I’ve been thinking a lot about democracy lately. (Haven’t we all….) But I’ve been ruminating on democracy not so much in institutional terms, as might be the norm. Instead, I think of how our democracy is impacted by what is essentially the cumulative effects of individual, daily, sometimes seemingly mundane choices we make – where and with whom we live, how and where we obtain our information about the world around us, how we engage with our work (paid or unpaid) and make meaning of it.
Indeed, the choices we make that appear small are actually quite consequential if you believe, as I do, that everything is connected to everything else.
So when Jessie let the team at Healthy Democracy know that she was leaving the organization to pursue a law degree, I gave myself about five minutes to grieve the loss of a key staff member to a small but increasingly influential organization that itself is in continued motion and transition.

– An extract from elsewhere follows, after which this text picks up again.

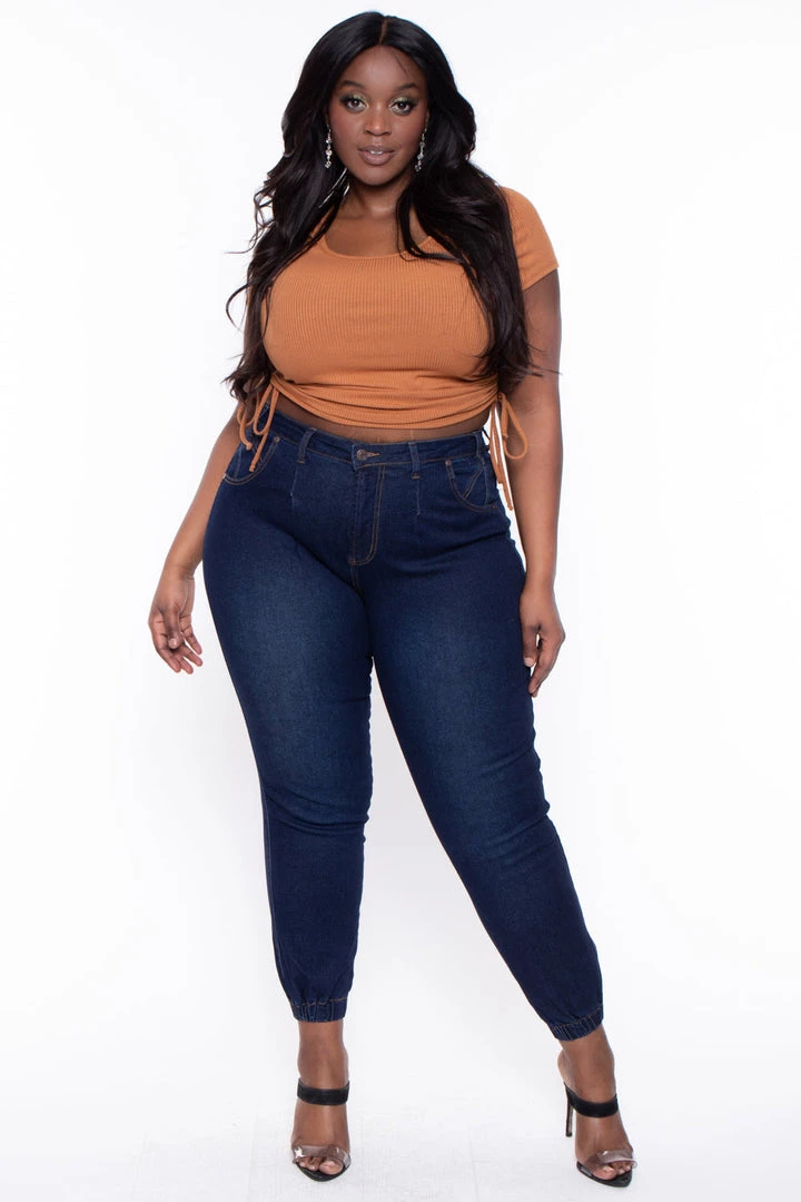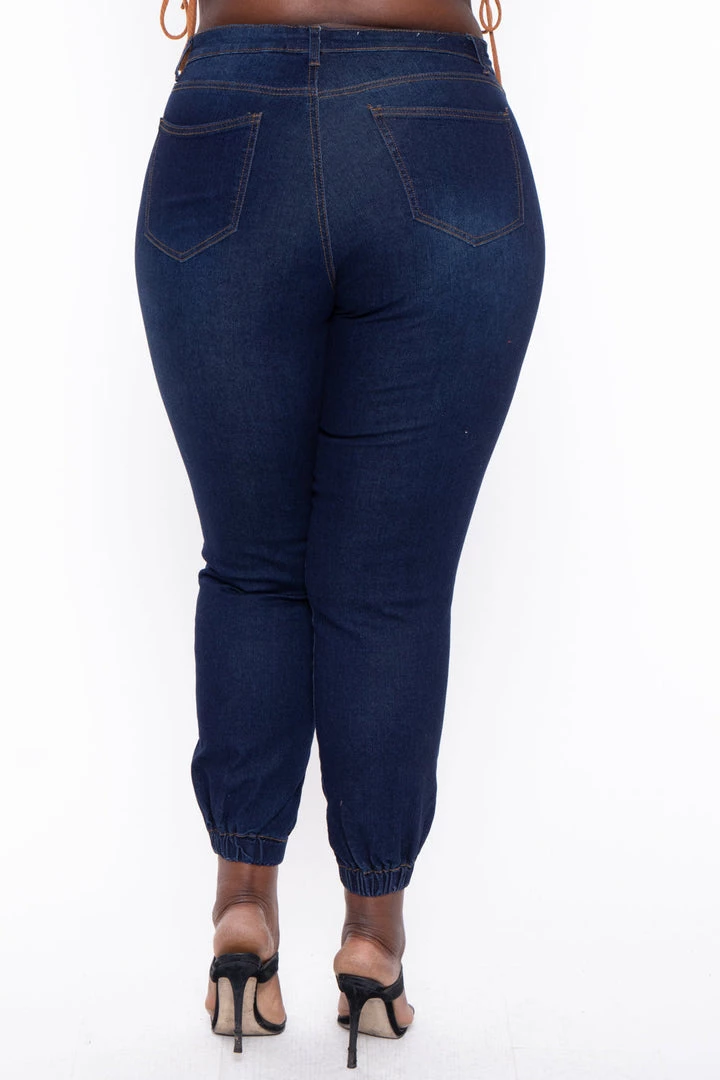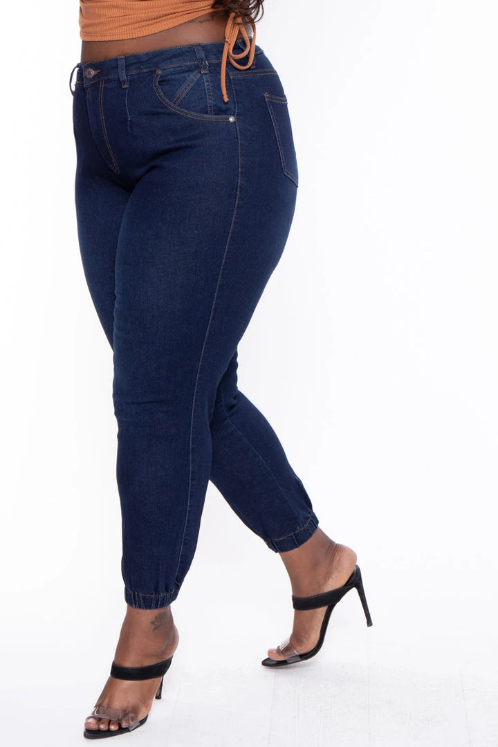 This plus size, jogger jeans features super stretch that slips over your curves. Perfect to dress up or dress down!

Mind you, a lot of grieving got compacted in that five minutes when I surveyed the impending loss: Jessie’s incalculably valuable contributions to the further improvement and codification of the Citizens’ Initiative Review and its Key Quality Elements. The professional support she expertly delivered to multiple CIRs held in four different states over the past year and the respect and trust she earned from our in-state partners. Her creativity both in thinking about ways to spread the CIR to other states and jurisdictions and in thinking expansively about other program innovations that would support and advance the Healthy Democracy mission. Her careful maintenance of Healthy Democracy’s social media feeds as credible and scrupulously non-partisan. And that’s not to mention her almost-freakish facility with Canva, the design tool used for the majority of Healthy Democracy’s Twitter and Facebook posts.
These are things that might seem technical in nature and thus replaceable, but that is far from the truth – because what Jessie also has brought to all of this work is a profound integrity, an alignment of inner values and outer behavior that is so vital to Healthy Democracy’s mission. An integrity that will no doubt also inform her engagement with whatever area of law she chooses to pursue. To put it bluntly: integrity is not a characteristic that I always find in abundance these days.
Thus, after my five minute submersion in abject self-pity, my next reaction to the news of Jessie’s departure was simply: You go, girl. I applaud, support, and uplift in any way possible Jessie’s path to take her place in a new power structure in this country’s essential web of democratic institutions. It is a place where she stands to have enormous impact and where she will continue to carry her singular commitment to justice and fairness – with integrity and intelligence and of course with her trademark joy and compassion.
It is a conflicted place to be in, for sure – to feel sorrow at saying farewell to a treasured colleague but to eagerly await news of this next chapter in a life that has already impacted so many people in so many ways. I am reminded of a Marge Piercy poem, “To Have Without Holding” – in that title is the paradox we now face. We will always have the influence of Jessie’s time with us, and we know that her influence stands its best chance of being fully realized once she leaves us for a larger stage, where her talents can be applied to the very systems and structures that Healthy Democracy works to improve.
So it is with profound gratitude that we commend Jessie to her new life in Virginia, and look forward to regular dispatches from none other than Thomas Jefferson’s original “academical village.”
As Thomas Jefferson likely never said in 1819 when UVA law school was founded – but almost certainly would have if he knew Jessie: You go, girl!